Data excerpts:
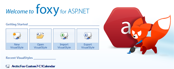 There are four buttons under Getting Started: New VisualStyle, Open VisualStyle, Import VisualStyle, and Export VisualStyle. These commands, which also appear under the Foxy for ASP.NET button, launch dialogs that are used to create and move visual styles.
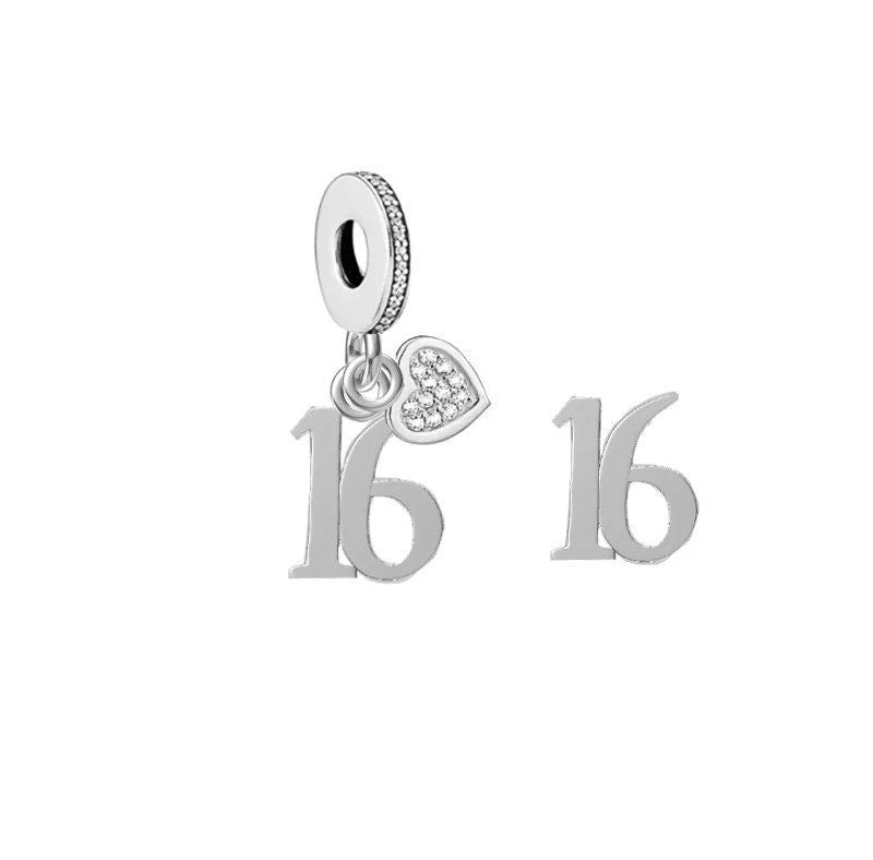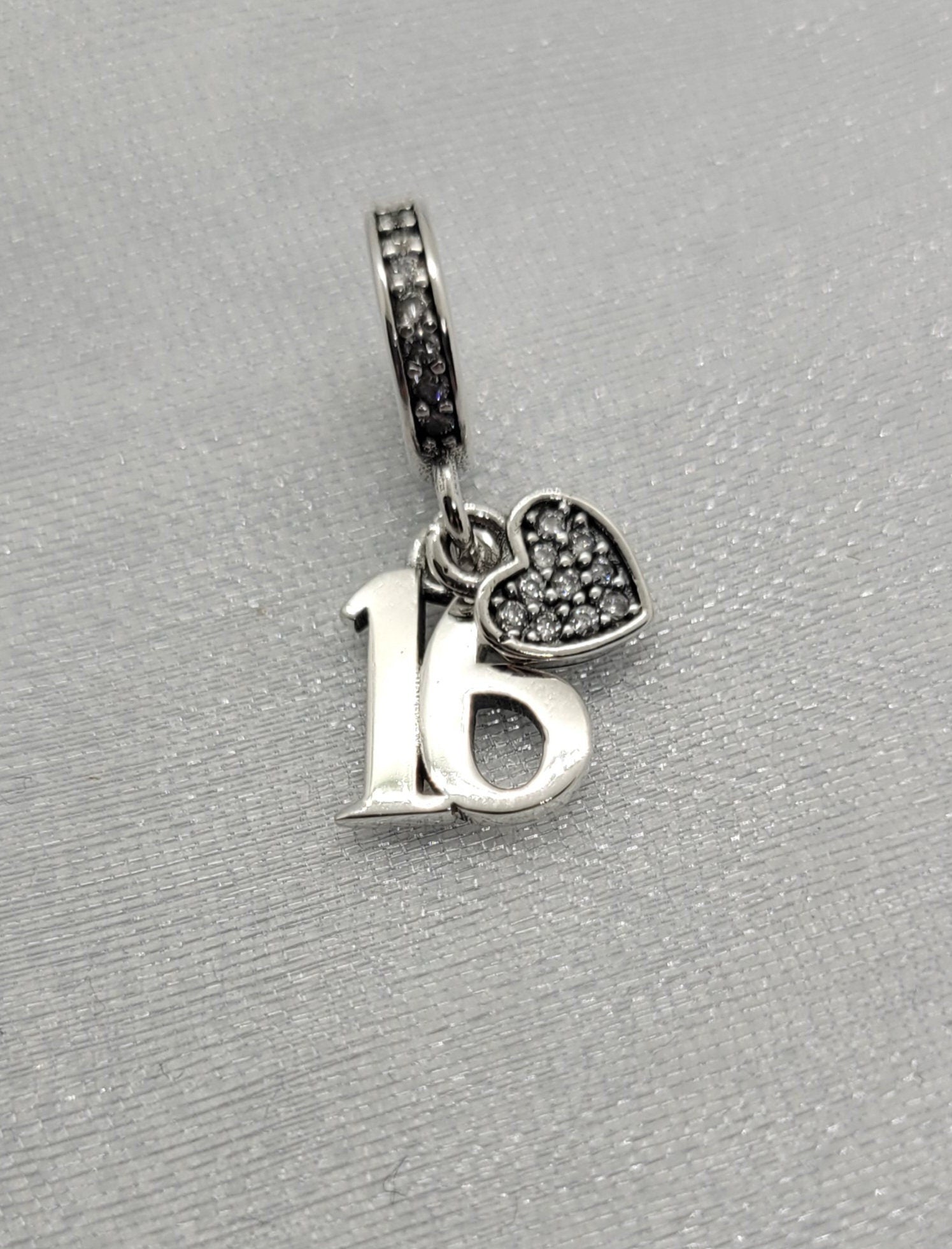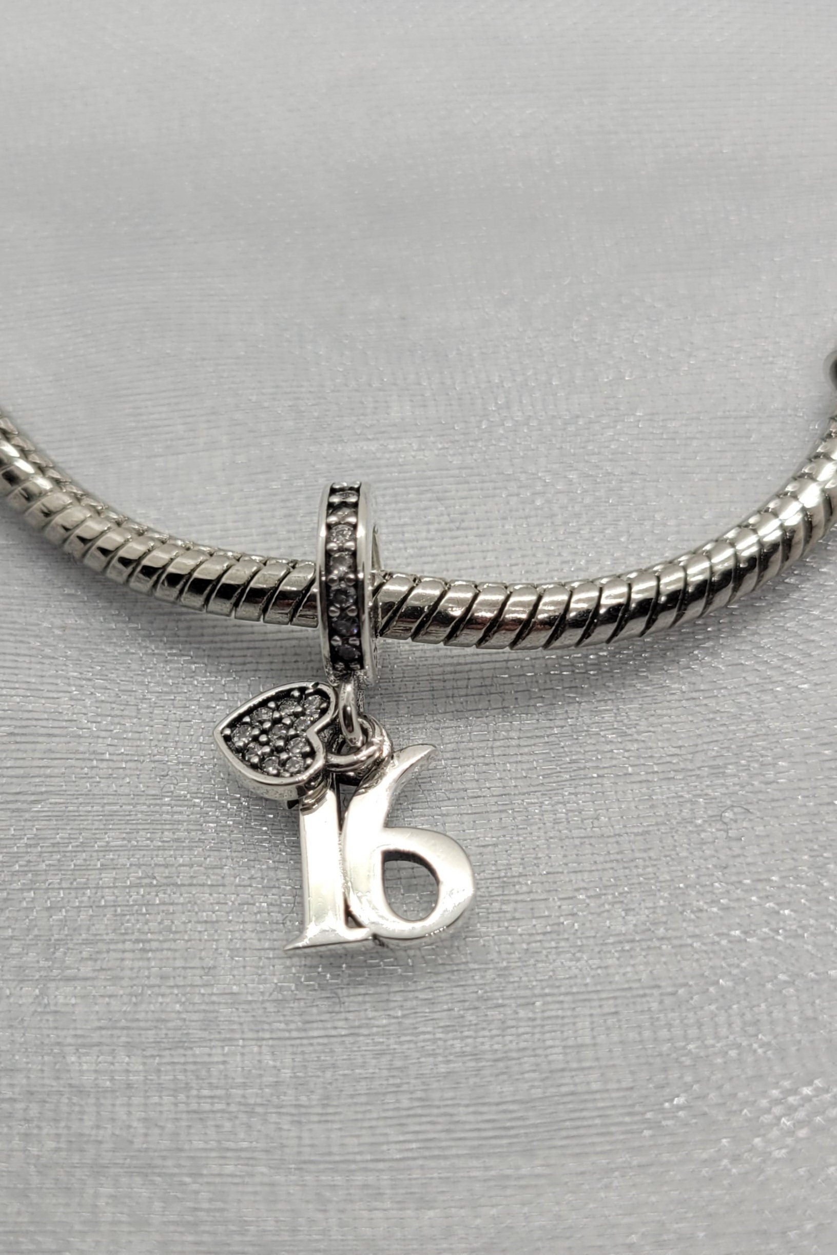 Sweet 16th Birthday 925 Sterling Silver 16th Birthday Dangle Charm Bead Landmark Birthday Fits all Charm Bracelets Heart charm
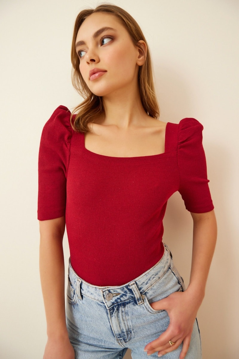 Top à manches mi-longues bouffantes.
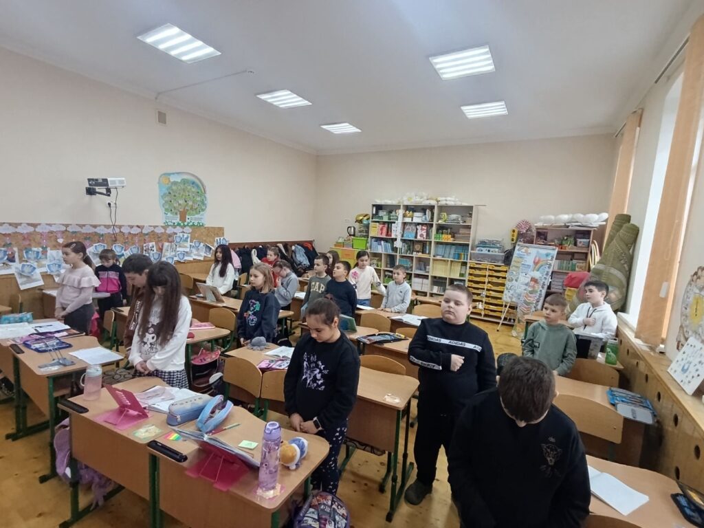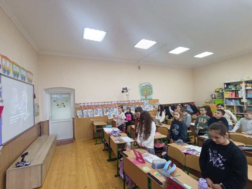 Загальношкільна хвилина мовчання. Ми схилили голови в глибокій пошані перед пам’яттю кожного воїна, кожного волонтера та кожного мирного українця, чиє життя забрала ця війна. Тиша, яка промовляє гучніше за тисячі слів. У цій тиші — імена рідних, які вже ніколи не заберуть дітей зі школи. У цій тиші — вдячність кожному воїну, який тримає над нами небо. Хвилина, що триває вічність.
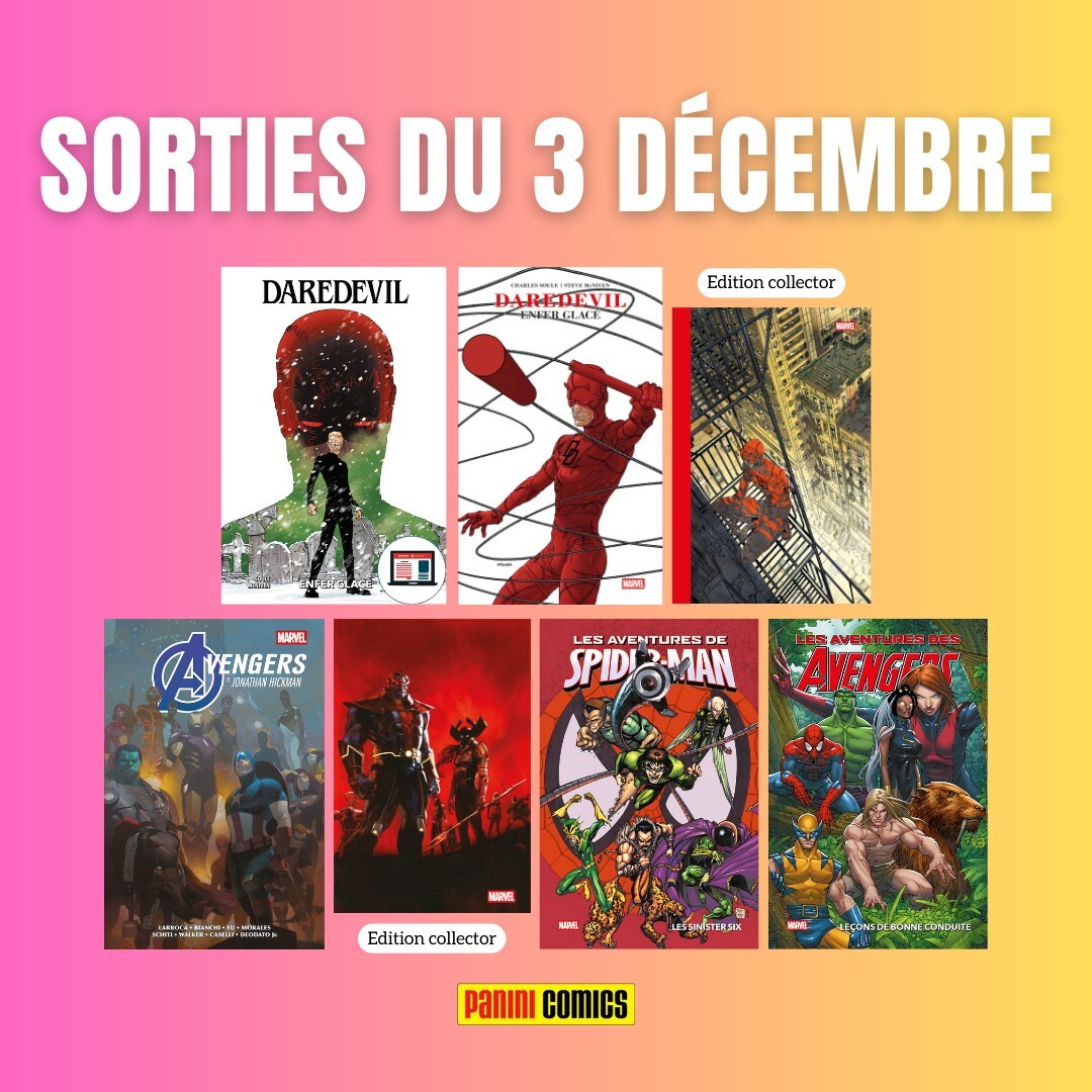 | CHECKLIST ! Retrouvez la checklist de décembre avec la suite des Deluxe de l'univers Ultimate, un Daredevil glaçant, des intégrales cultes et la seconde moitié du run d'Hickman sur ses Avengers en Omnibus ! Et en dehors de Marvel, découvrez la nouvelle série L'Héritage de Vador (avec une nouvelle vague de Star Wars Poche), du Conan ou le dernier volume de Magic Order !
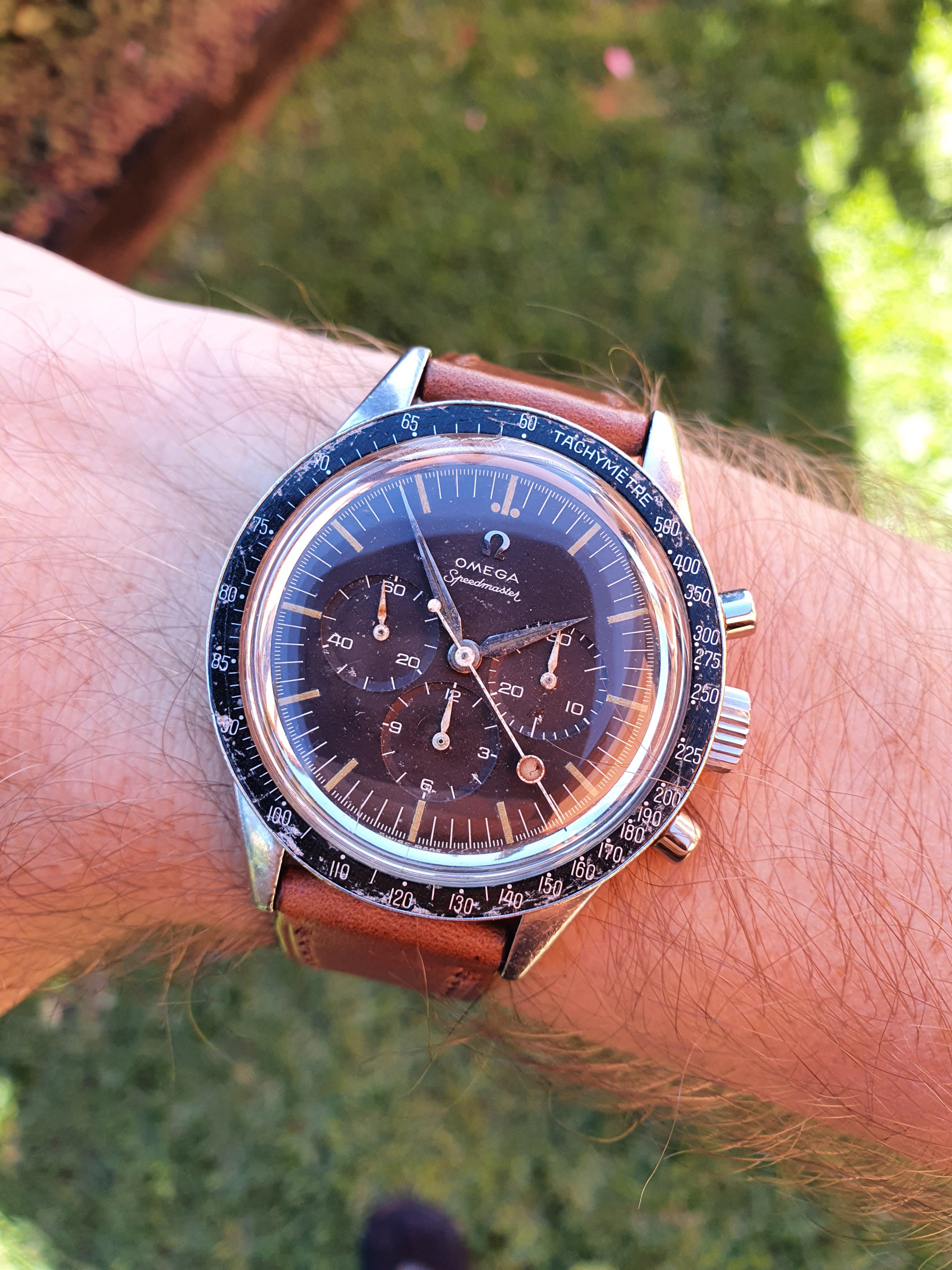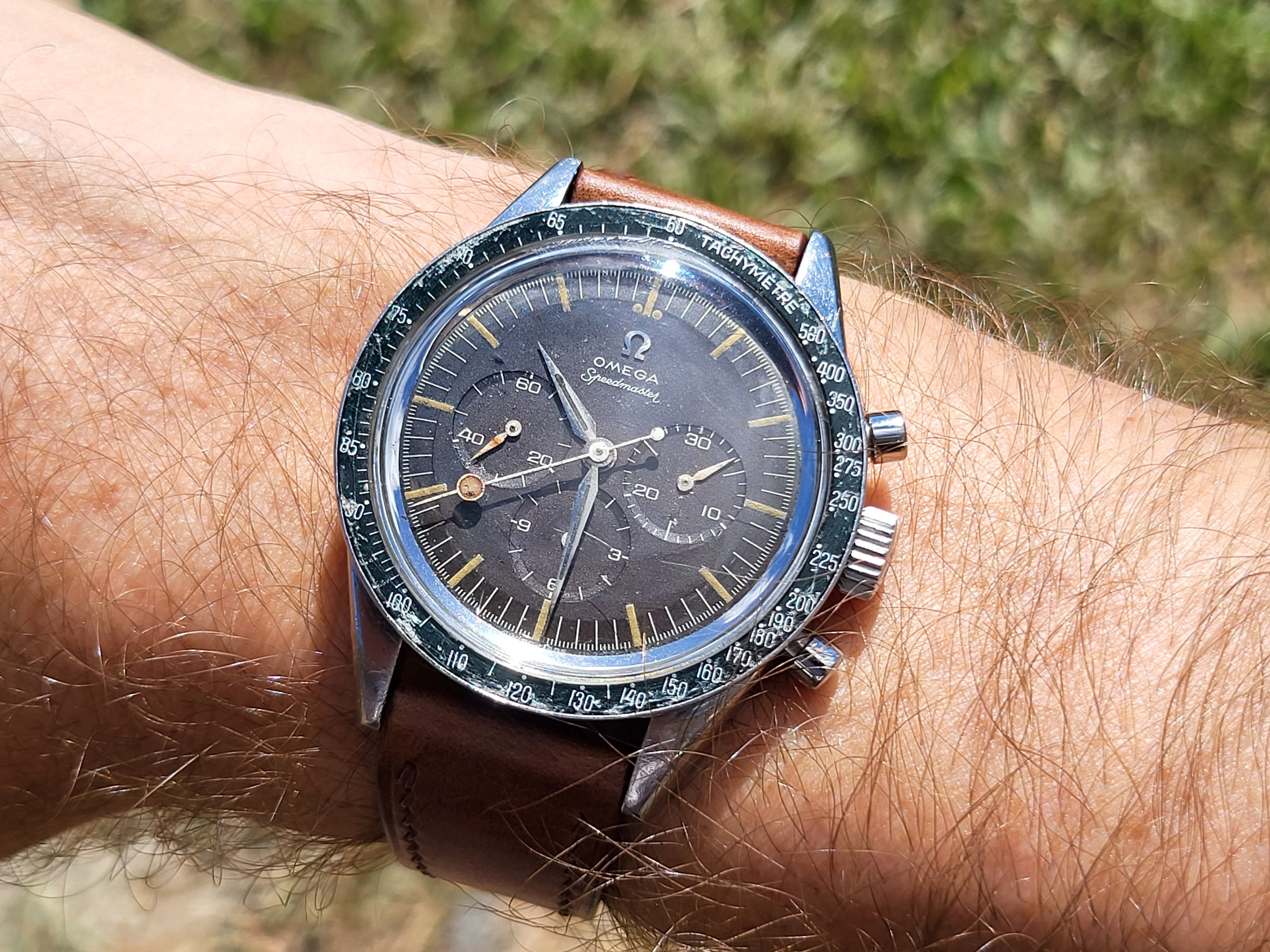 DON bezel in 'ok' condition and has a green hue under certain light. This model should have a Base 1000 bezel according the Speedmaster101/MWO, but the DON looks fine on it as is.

What the exercise asks:
Any picture found in the data is to be skipped while the rest is copied exactly.

Task response:
 There are four buttons under Getting Started: New VisualStyle, Open VisualStyle, Import VisualStyle, and Export VisualStyle. These commands, which also appear under the Foxy for ASP.NET button, launch dialogs that are used to create and move visual styles.
 Sweet 16th Birthday 925 Sterling Silver 16th Birthday Dangle Charm Bead Landmark Birthday Fits all Charm Bracelets Heart charm
 Top à manches mi-longues bouffantes.
 Загальношкільна хвилина мовчання. Ми схилили голови в глибокій пошані перед пам’яттю кожного воїна, кожного волонтера та кожного мирного українця, чиє життя забрала ця війна. Тиша, яка промовляє гучніше за тисячі слів. У цій тиші — імена рідних, які вже ніколи не заберуть дітей зі школи. У цій тиші — вдячність кожному воїну, який тримає над нами небо. Хвилина, що триває вічність.
 | CHECKLIST ! Retrouvez la checklist de décembre avec la suite des Deluxe de l'univers Ultimate, un Daredevil glaçant, des intégrales cultes et la seconde moitié du run d'Hickman sur ses Avengers en Omnibus ! Et en dehors de Marvel, découvrez la nouvelle série L'Héritage de Vador (avec une nouvelle vague de Star Wars Poche), du Conan ou le dernier volume de Magic Order !
 DON bezel in 'ok' condition and has a green hue under certain light. This model should have a Base 1000 bezel according the Speedmaster101/MWO, but the DON looks fine on it as is.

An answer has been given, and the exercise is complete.